- What you are asked to do -
The records that follow are to be reproduced exactly. Any pictures in them are left out.

- Task input -

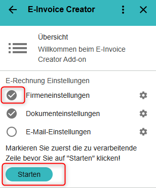 Sofern Sie die notwendigen Angaben in den Firmeneinstellungen vorgenommen haben und Angaben zu einer neuen Rechnung in einer neuen Zeile in den Rechnungsdaten und Positionsdaten gemacht haben, können Sie die Verarbeitung für diesen neuen Eintrag starten. Markieren Sie dazu diese Zeile im Tabellenblatt “Rechnungsdaten” und starten Sie anschließend die Verarbeitung über den Starten-Button!
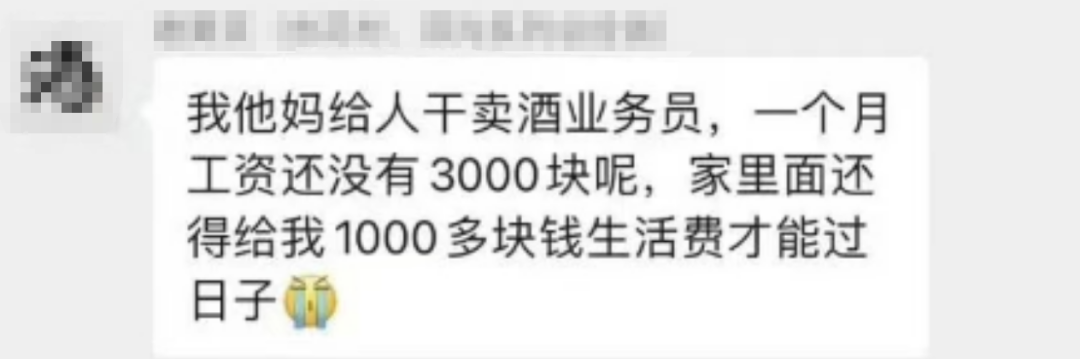 还有人哭诉,一个月工资还没3000,靠家里人多给1000块生活费才能过日子。
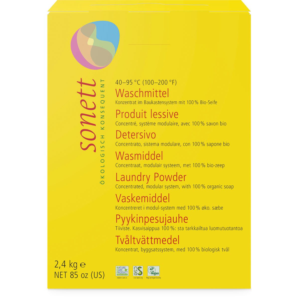 Das Sonett-Waschmittel enthält als Hauptwirkstoff Seife, die aus verschiedenen Pflanzenölen – Palmöl, Rapsöl und Kokosöl – durch Sieden mit Lauge hergestellt wird. Die Öle stammen zu 100% aus biologischem bzw. biologisch-dynamischem Anbau. Seife als waschaktive Substanz vereinigt in sich in einzigartiger Weise alle für den Waschprozess notwendigen Eigenschaften des Schmutzbenetzens, des Schmutzlösens und Schmutztragens. Soda wird hergestellt aus der Umsetzung von Kalk mit Kochsalz. Metasilikat entsteht durch Verschmelzung von Quarzsand und Soda. Soda und Metasilikat verstärken beide durch ihre Alkalität die Waschlauge und fördern das Ablösen vor allem von fettigen Substanzen. Zeolith A und Schichtsilikat haben beide als Ausgangsrohstoff Silikatgesteine. Neben ihrer Eigenschaft, den Kalk im Wasser zu binden, binden diese Substanzen zugleich auch die im Waschwasser gelösten organischen Stoffe und Farbpigmente und verhindern deren Absetzen auf der Wäsche. Fettalkoholsulfat, aus Kokosfett gewonnen, unterstützt die Seife in ihrer Fettlösekraft.
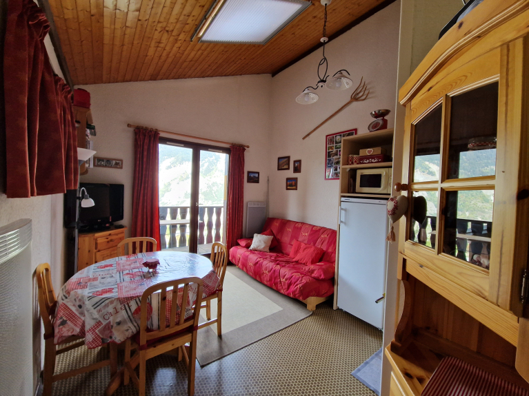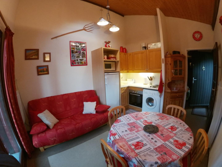 30m2, séjour/cuisine, chambre avec lit double, coin montagne avec lit superposé 2 couchages, salle de bain/WC, grand balcon avec vue dégagée sur les sommets de la Vanoise. Tout confort (lave-linge, TV écran plat / Décodeur avec Lecteur USB pour lire vos films, appareil à raclette/pierrade, service à fondue, cafetière, grille-pain, pelle à neige/luge pour les enfants, etc...)
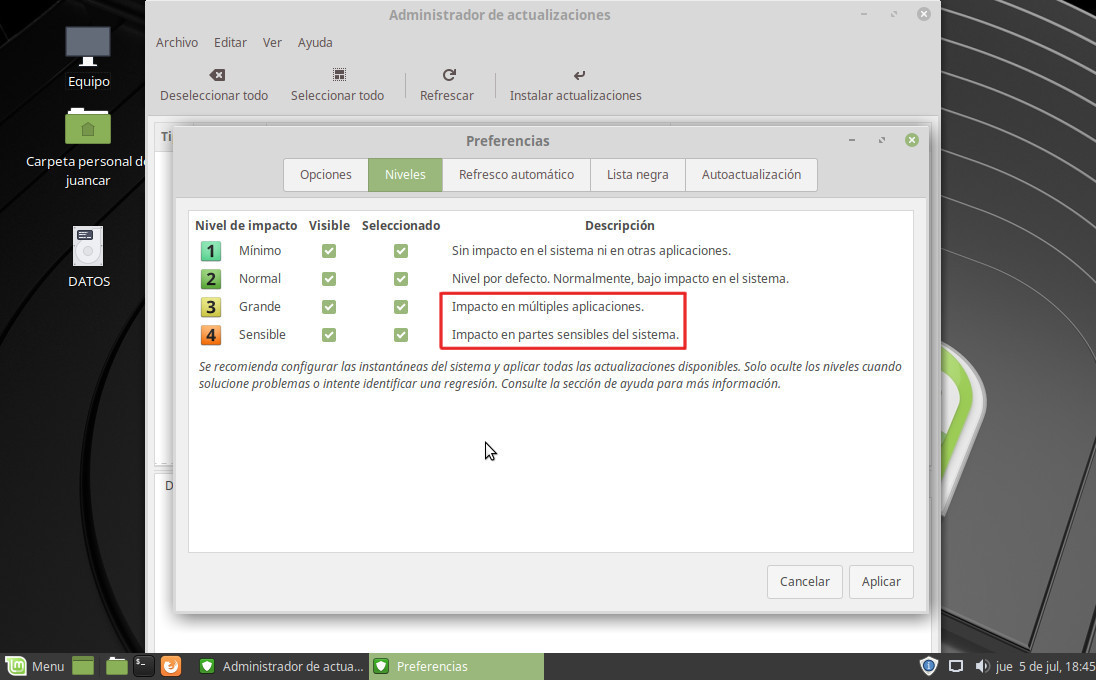 Configuración por defecto de la pestaña Niveles en Linux Mint 19. (Esta opción no está disponible en LM 19.2) Como vemos, las actualizaciones de nivel 3 y 4 (activadas por defecto) tienen cierto riesgo (y, por eso, se recomienda tener configuradas las instantáneas del sistema):
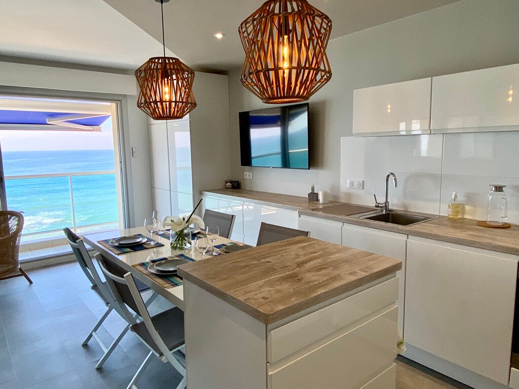 Frente al mar: disfrute de unas vistas excepcionales. Magnífico apartamento T2 (2/4 personas) renovado en 2024 - GRAN CONFORT. La playa y la duna están al lado del apartamento (sin carretera que cruzar). Impresionantes vistas al mar y a la isla de Yeu desde el comedor, la logia e incluso desde la cama de su habitación. Admire las puestas de sol en pareja, en familia o con amigos. Tiene su propio garaje cerrado; ideal para su coche y para guardar bicicletas, remolque y juegos de playa.
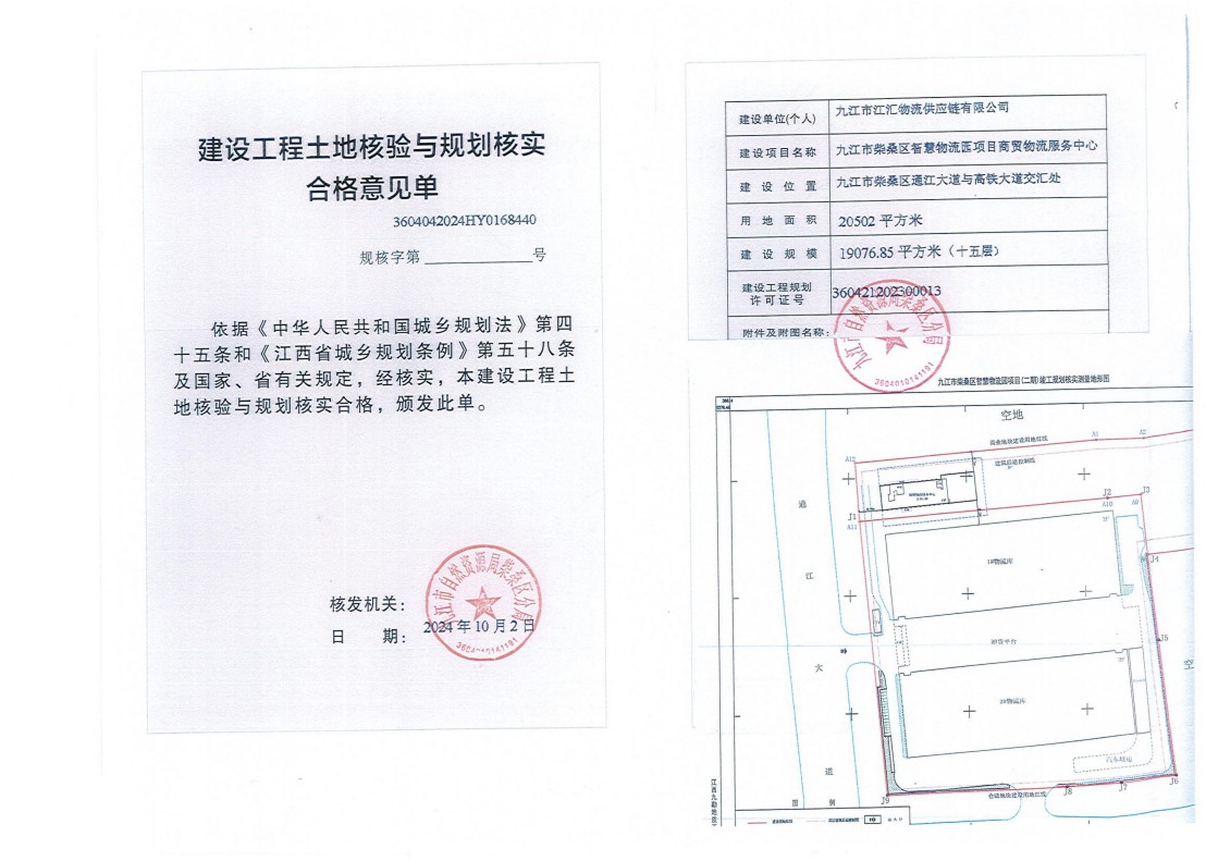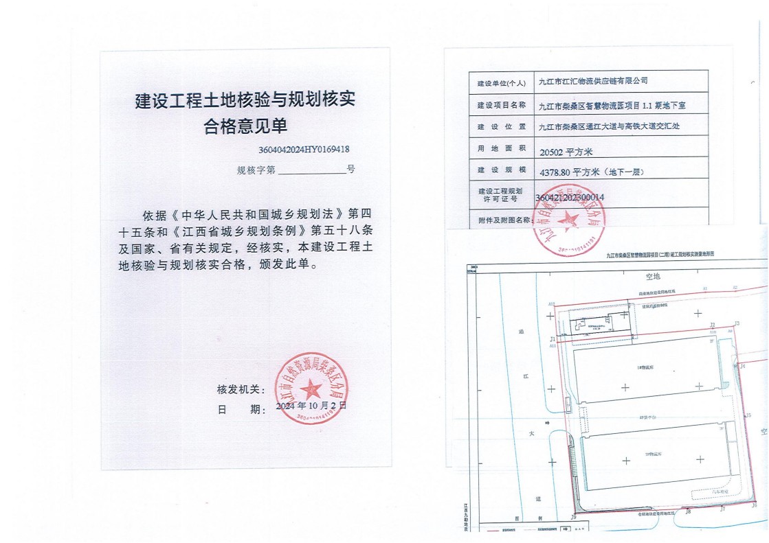 九江市柴桑区智慧物流园项目商贸物流服务中心1.1期地下室土地核验与规划核实结果公示
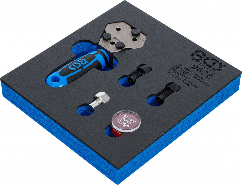 Orodje za raztezanje zavornih cevi premera 4,75–6 mm tipa DIN F, možno tudi na vgrajenih ceveh. Vsebina: osnovno orodje z dvokomponentnim ročajem, nastavki za različne premere, pozicijski vijak in mazivo.
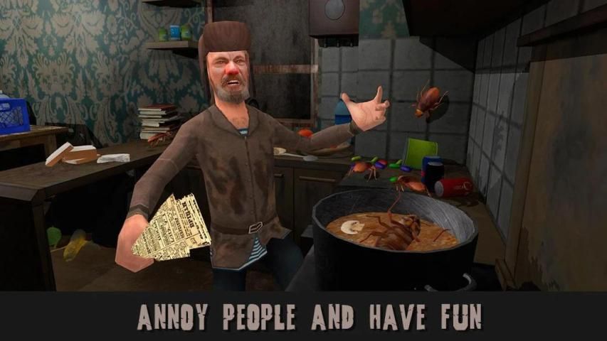 Don’t forget to mind your cockroach’s health, energy, water and food indicators to survive - if one of it drops – there is no chance to stay alive! Collect enough resources, earn points by annoying people and upgrade your insect’s skills to be more effective in this epic struggle against humanity! Customize your roach to make it the perfect fighter – or just buy new skins!
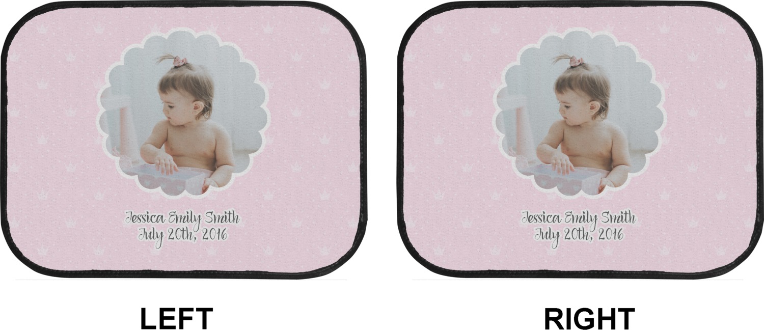 We craft our auto floor mats mats from polyester, apply a black finish to the edges, and lined at the bottom to prevent slippage. These mats protect your floors from grass, mud, and any accidental spills. We display your personalized design on the front face of each mat. The sizes of these car floor liners are standardized to provide a versatile fit for all vehicles. The front rows car mats measure at 17 by 26.5 inches, while the back rows measure at 17 by 13 inches. We sell three packages of car floor mats. You can purchase a pair of front row car mats, a pair of back row car mats, or a set of front row and back row car mats. To make an informed purchase, we recommend measuring the surface area of your car floors.
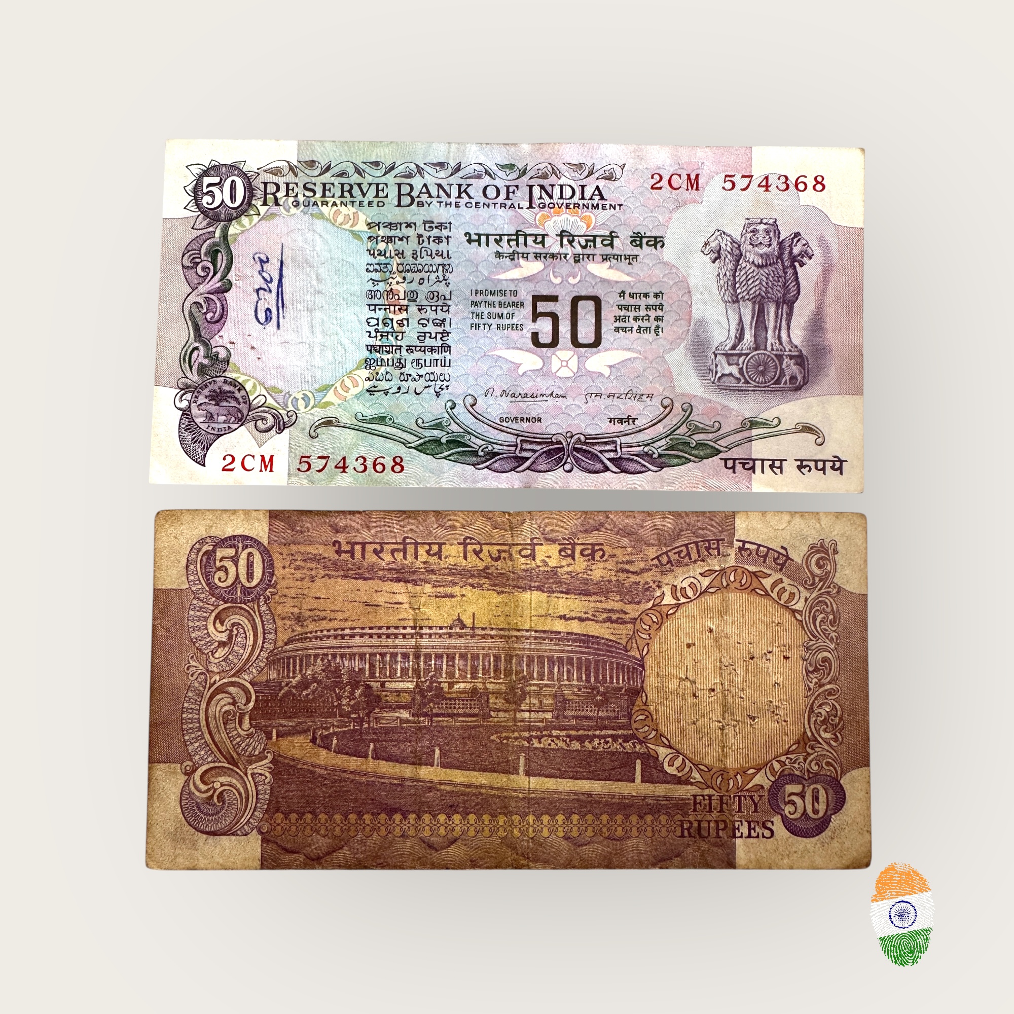 Rare Rs 50 India Banknote N Narasingham Without Flag Issue Unique and Rare

- Result -
 Sofern Sie die notwendigen Angaben in den Firmeneinstellungen vorgenommen haben und Angaben zu einer neuen Rechnung in einer neuen Zeile in den Rechnungsdaten und Positionsdaten gemacht haben, können Sie die Verarbeitung für diesen neuen Eintrag starten. Markieren Sie dazu diese Zeile im Tabellenblatt “Rechnungsdaten” und starten Sie anschließend die Verarbeitung über den Starten-Button!
 还有人哭诉,一个月工资还没3000,靠家里人多给1000块生活费才能过日子。
 Das Sonett-Waschmittel enthält als Hauptwirkstoff Seife, die aus verschiedenen Pflanzenölen – Palmöl, Rapsöl und Kokosöl – durch Sieden mit Lauge hergestellt wird. Die Öle stammen zu 100% aus biologischem bzw. biologisch-dynamischem Anbau. Seife als waschaktive Substanz vereinigt in sich in einzigartiger Weise alle für den Waschprozess notwendigen Eigenschaften des Schmutzbenetzens, des Schmutzlösens und Schmutztragens. Soda wird hergestellt aus der Umsetzung von Kalk mit Kochsalz. Metasilikat entsteht durch Verschmelzung von Quarzsand und Soda. Soda und Metasilikat verstärken beide durch ihre Alkalität die Waschlauge und fördern das Ablösen vor allem von fettigen Substanzen. Zeolith A und Schichtsilikat haben beide als Ausgangsrohstoff Silikatgesteine. Neben ihrer Eigenschaft, den Kalk im Wasser zu binden, binden diese Substanzen zugleich auch die im Waschwasser gelösten organischen Stoffe und Farbpigmente und verhindern deren Absetzen auf der Wäsche. Fettalkoholsulfat, aus Kokosfett gewonnen, unterstützt die Seife in ihrer Fettlösekraft.
 30m2, séjour/cuisine, chambre avec lit double, coin montagne avec lit superposé 2 couchages, salle de bain/WC, grand balcon avec vue dégagée sur les sommets de la Vanoise. Tout confort (lave-linge, TV écran plat / Décodeur avec Lecteur USB pour lire vos films, appareil à raclette/pierrade, service à fondue, cafetière, grille-pain, pelle à neige/luge pour les enfants, etc...)
 Configuración por defecto de la pestaña Niveles en Linux Mint 19. (Esta opción no está disponible en LM 19.2) Como vemos, las actualizaciones de nivel 3 y 4 (activadas por defecto) tienen cierto riesgo (y, por eso, se recomienda tener configuradas las instantáneas del sistema):
 Frente al mar: disfrute de unas vistas excepcionales. Magnífico apartamento T2 (2/4 personas) renovado en 2024 - GRAN CONFORT. La playa y la duna están al lado del apartamento (sin carretera que cruzar). Impresionantes vistas al mar y a la isla de Yeu desde el comedor, la logia e incluso desde la cama de su habitación. Admire las puestas de sol en pareja, en familia o con amigos. Tiene su propio garaje cerrado; ideal para su coche y para guardar bicicletas, remolque y juegos de playa.
 九江市柴桑区智慧物流园项目商贸物流服务中心1.1期地下室土地核验与规划核实结果公示
 Orodje za raztezanje zavornih cevi premera 4,75–6 mm tipa DIN F, možno tudi na vgrajenih ceveh. Vsebina: osnovno orodje z dvokomponentnim ročajem, nastavki za različne premere, pozicijski vijak in mazivo.
 Don’t forget to mind your cockroach’s health, energy, water and food indicators to survive - if one of it drops – there is no chance to stay alive! Collect enough resources, earn points by annoying people and upgrade your insect’s skills to be more effective in this epic struggle against humanity! Customize your roach to make it the perfect fighter – or just buy new skins!
 We craft our auto floor mats mats from polyester, apply a black finish to the edges, and lined at the bottom to prevent slippage. These mats protect your floors from grass, mud, and any accidental spills. We display your personalized design on the front face of each mat. The sizes of these car floor liners are standardized to provide a versatile fit for all vehicles. The front rows car mats measure at 17 by 26.5 inches, while the back rows measure at 17 by 13 inches. We sell three packages of car floor mats. You can purchase a pair of front row car mats, a pair of back row car mats, or a set of front row and back row car mats. To make an informed purchase, we recommend measuring the surface area of your car floors.
 Rare Rs 50 India Banknote N Narasingham Without Flag Issue Unique and Rare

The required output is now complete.